Reflections on Gender Studies in Nigeria : issues, perspectives and debates

Reflections on Gender Studies in Nigeria. Issues, perspectives and debates

Jeudi 10 février 2022, 15h-17h30 (heure de Paris), visioconférence sur Zoom, en langue anglaise. Séance organisée avec l’Institut Français de Recherche en Afrique (IFRA-Nigéria)

  • Welcome and introduction : Dr Vincent Hiribarren (IFRA Nigeria), Dr Marième N’Diaye (CNRS, Institut du Genre)
  • Speakers : Adebayo Adedeji (University of Ibadan), Dr Mutiat Oladejo (University of Ibadan), Dr Sharon Omotoso (Institute of African Studies, University of Ibadan).
  • Chair : Sara Panata (CHS and IFRA-Nigeria)
  • Moderation : Anne Hugon (IMAF) and Dr Seun Olutayo (University of Ibadan)

Abstracts :

Dr Mutiat Titilope Oladejo, Women’s History and Historiography in Nigeria
There are scholarly debates as regards women’s authority in precolonial Africa. Studies have identified few women who were in positions of authority. However, they rarely represented the status of the majority. Beyond holding positions of authority, the factors that contribute to power status of women varied across societies and scholars have used it to debunk western-centred constructs about women. Studies on women’s history in Africa aggregate the lives of women that cuts across social, political and economic history. Hence, to what extent has the studies enabled understanding African women in their own terms. Historiography of women in Nigeria have touched on several aspects of gender studies and its intersection with other disciplines. Historiography of women and gender studies in Nigeria are categorized into four : writings by Nigerian women ; writings by non-Nigerian women ; writings by Nigerian men and writings by non-Nigerian men. The paper analyses the writings of these scholars to unravel the trends of research on Nigerian women. Furthermore, the work explains how location of scholars (Africa and diaspora) and methodologies influence their writings. The paper relies on seminar and conference papers, journals and books of the authors categorized above. Ultimately, the paper locates the lacuna for future research in women’s history and gender studies.
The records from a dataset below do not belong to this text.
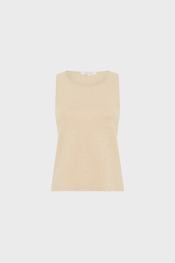 This gold microfiber top is distinguished by its slim fit.
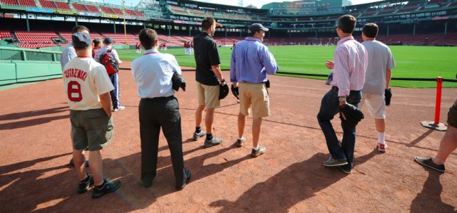 The Center Field Batting Practice Experience will allow groups of 20 to not only watch pre-game batting practice but be part of the action up close and personal. Unlike any other hospitality package in baseball, the Center Field Batting Practice Experience gives you the chance to participate by having your group on the field while the Red Sox take swings at the famous Green Monster. We have designated an exclusive section just inside the center-field warning track for your group to catch Major League fly balls and walk away with the experience of a lifetime. We even provide commemorative baseball gloves for each guest to keep!
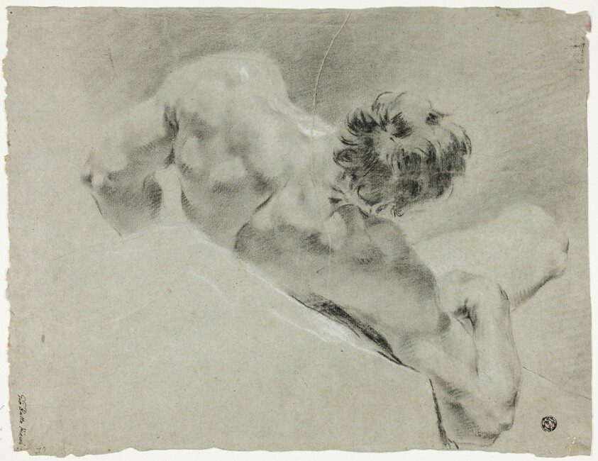 This intimate chalk study captures a male figure reclining with his back turned toward the viewer. Maggiotto employs black chalk with white highlights on blue-gray paper to model the subtle curves and shadows of the human form. The artist's sensitive handling of light reveals the figure's musculature and the weight of his relaxed pose. Such académie studies were essential exercises in 18th-century artistic training, preserving the foundational tradition of drawing from life that remains central to figurative art today.
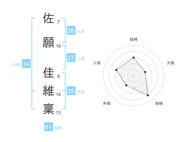 佐願 佳維稟さんの総格は61画の3点!
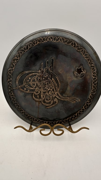 Vintage Mid-Eastern Brass with Silver Copper tray arabic script tugrah
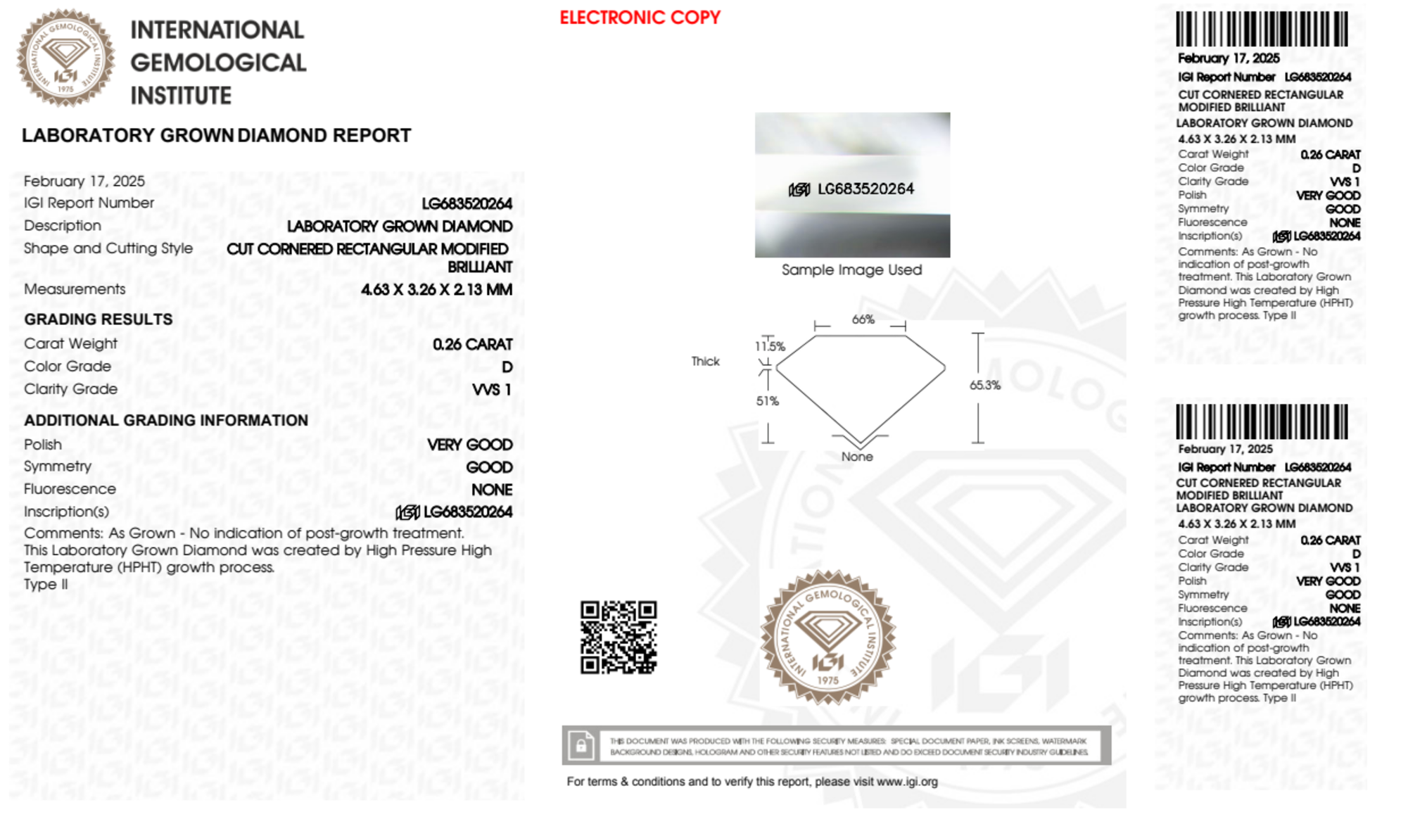 Your 0.26 carat Radiant lab diamond is graded D color (Colorless), and you can read more about D color diamonds here.
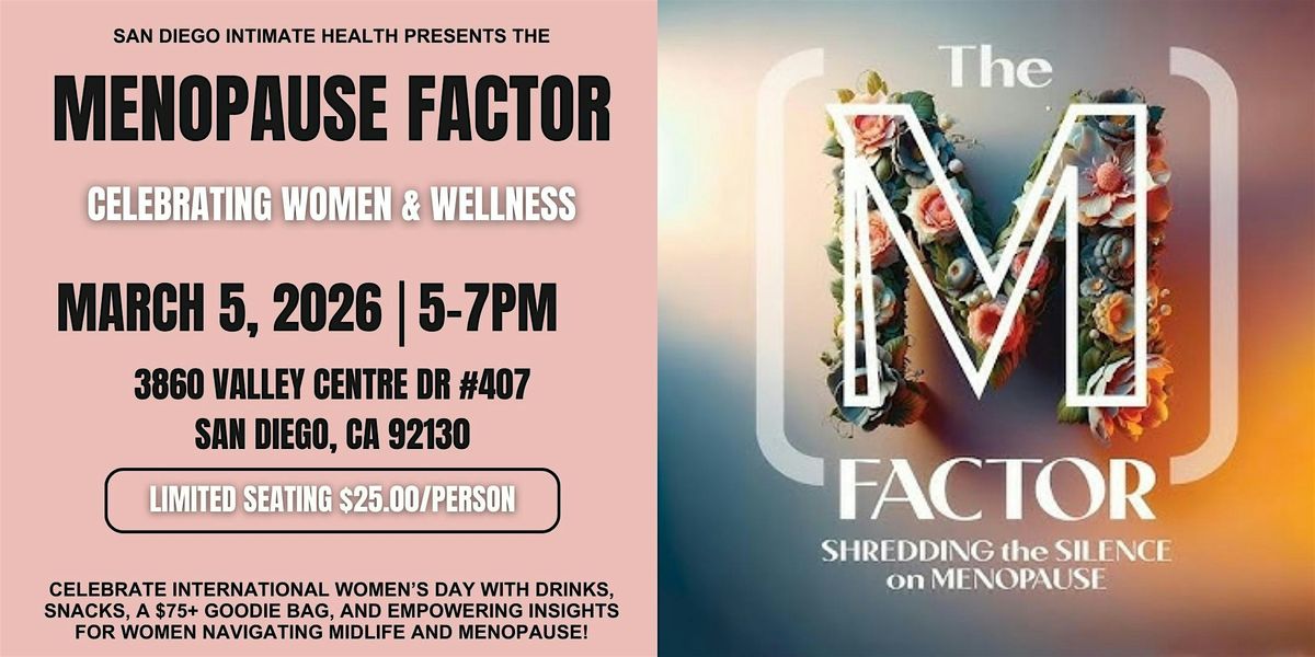 Celebrate International Women’s Day with San Diego Intimate Health at an exclusive in-person event featuring the documentary “The M Factor” and a live discussion with Dr. Kat Khorrami. This event is designed for women of all midlife stages—pre-menopause, peri-menopause, and post-menopause—who want honest insights, support, and empowerment as they navigate this phase of life.
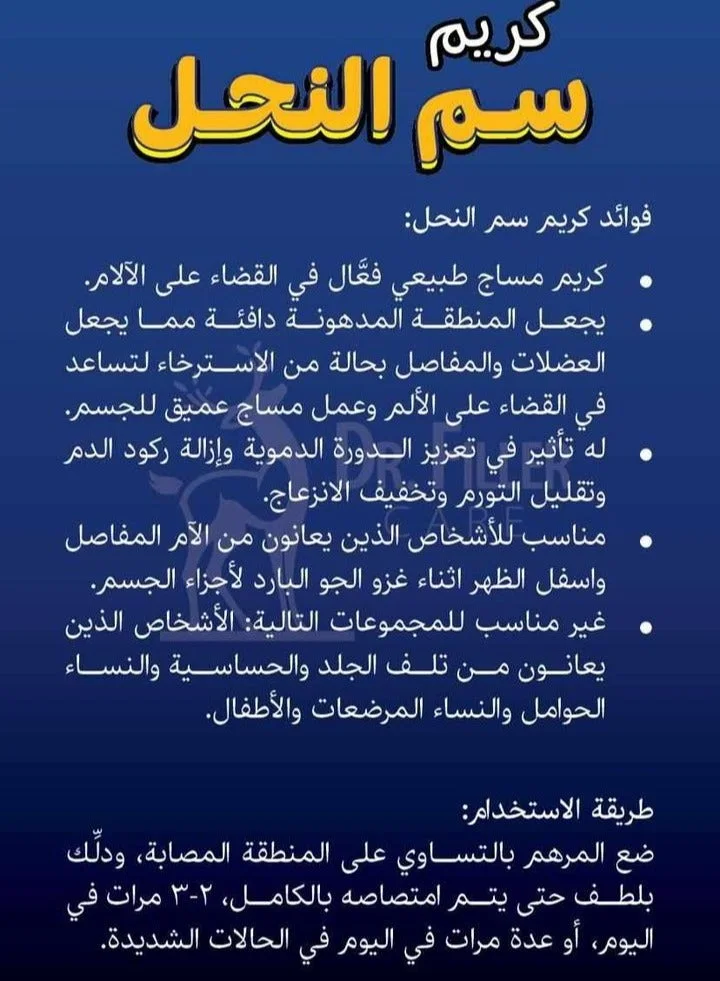كريم سمّ الركبة يساعد على تخفيف الألم بسرعة ويمنحك إحساس بالراحة والدفا، مناسب للركبة والظهر والمفاصل.
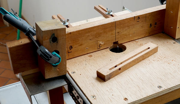 Use a very flat wooden board and secure the pieces with common clamps as in the photo below. Drill the thinnest hole into which the thread should catch and then loosen the back piece and drill the largest hole where the thread should run.
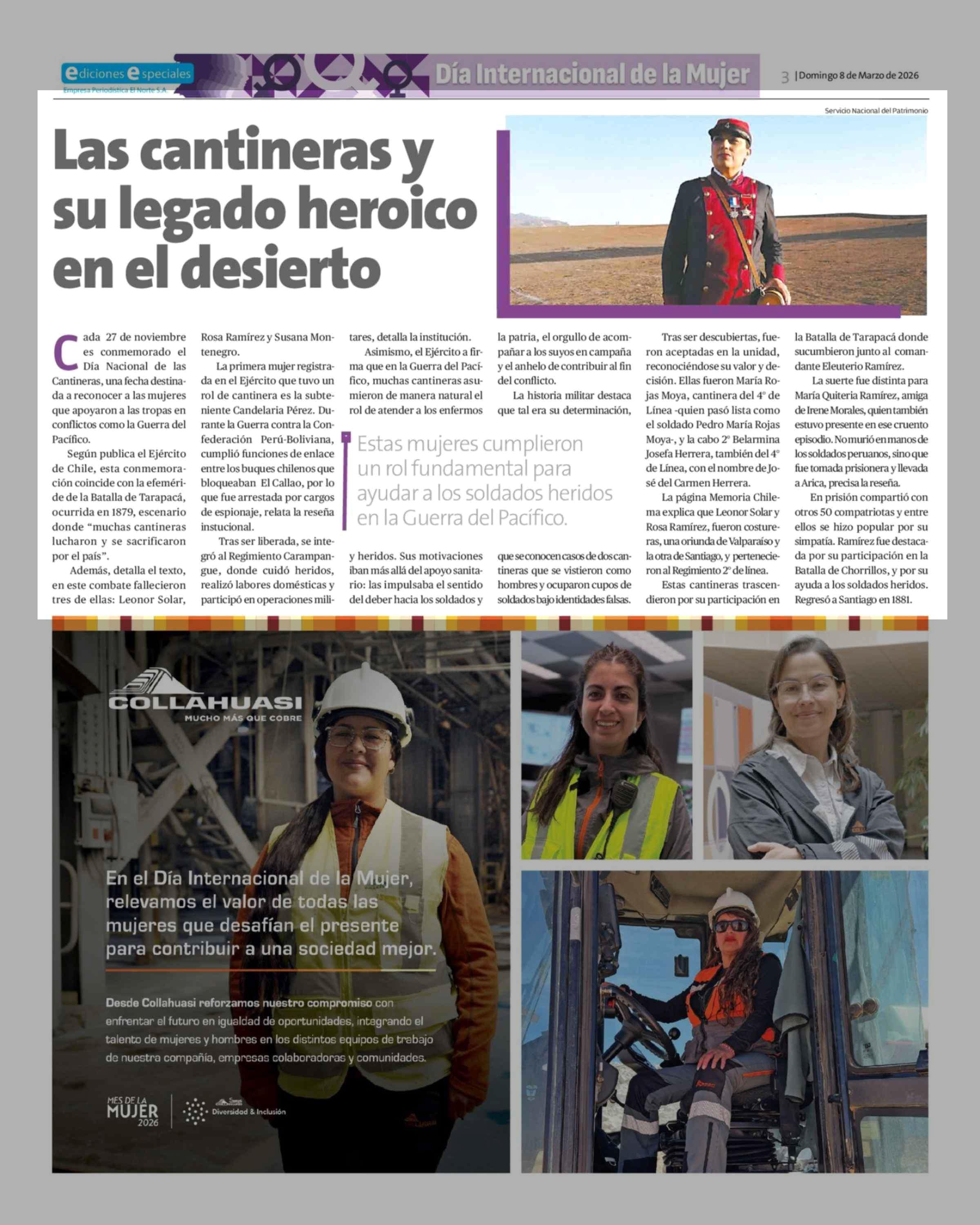Las cantineras y su legado heroico en el desierto 08-03-2026 La Estrella de Iquique |

Adedeji Adebayo, Growth and Institutional Contexts of Semi-autonomous Gender Studies Centres in Nigeria
Gender Studies (GS) has continued to grow as an academic field globally. In many contexts, this growth has been noticed both in the expansion of traditional disciplines and as an independent academic discipline with autonomous structure – research institutes and centres – for knowledge production. Although, the process of institutionalization of Gender Studies (GS) has been extensively studied, the particularities and complexities of this area of study has been less studied in Africa in general, and Nigeria in particular. The study interrogates the activities of a Gender Studies centre in a small university located in southwestern Nigeria. It employs a qualitative research approach with samples purposively selected. It concludes that there is the need to employ the services of specialist researchers to promote research in the field of GS.

Dr Sharon Adetutu Omotoso, Gender Studies in Nigeria : Looking Back, Going Forward
With the subsistence of Women’s studies in Nigeria in the last three decades, the contributions of scholars, activists and women’s movements have improved the rate at which gender consciousness is spreading across the country. Equally progressive is the manner with which women’s studies have expanded into gender studies across the country to address masculinities and sexuality issues beyond the confines of womanhood. However, the spread of gender studies is fraught with constraints and contradictions with regards to pedagogy, activism, policy and gender consciousness. Using methods of critical analysis, deconstructive and reconstructive argumentation, this study interrogates the success stories in Nigeria are commensurate with the realities across the country and how gender studies have influenced the teeming populace across spheres. The emerging trends, dynamisms in pedagogy, activisms, policy and media engagements in Nigeria will then be deployed to present possible and plausible future of gender studies in Nigeria.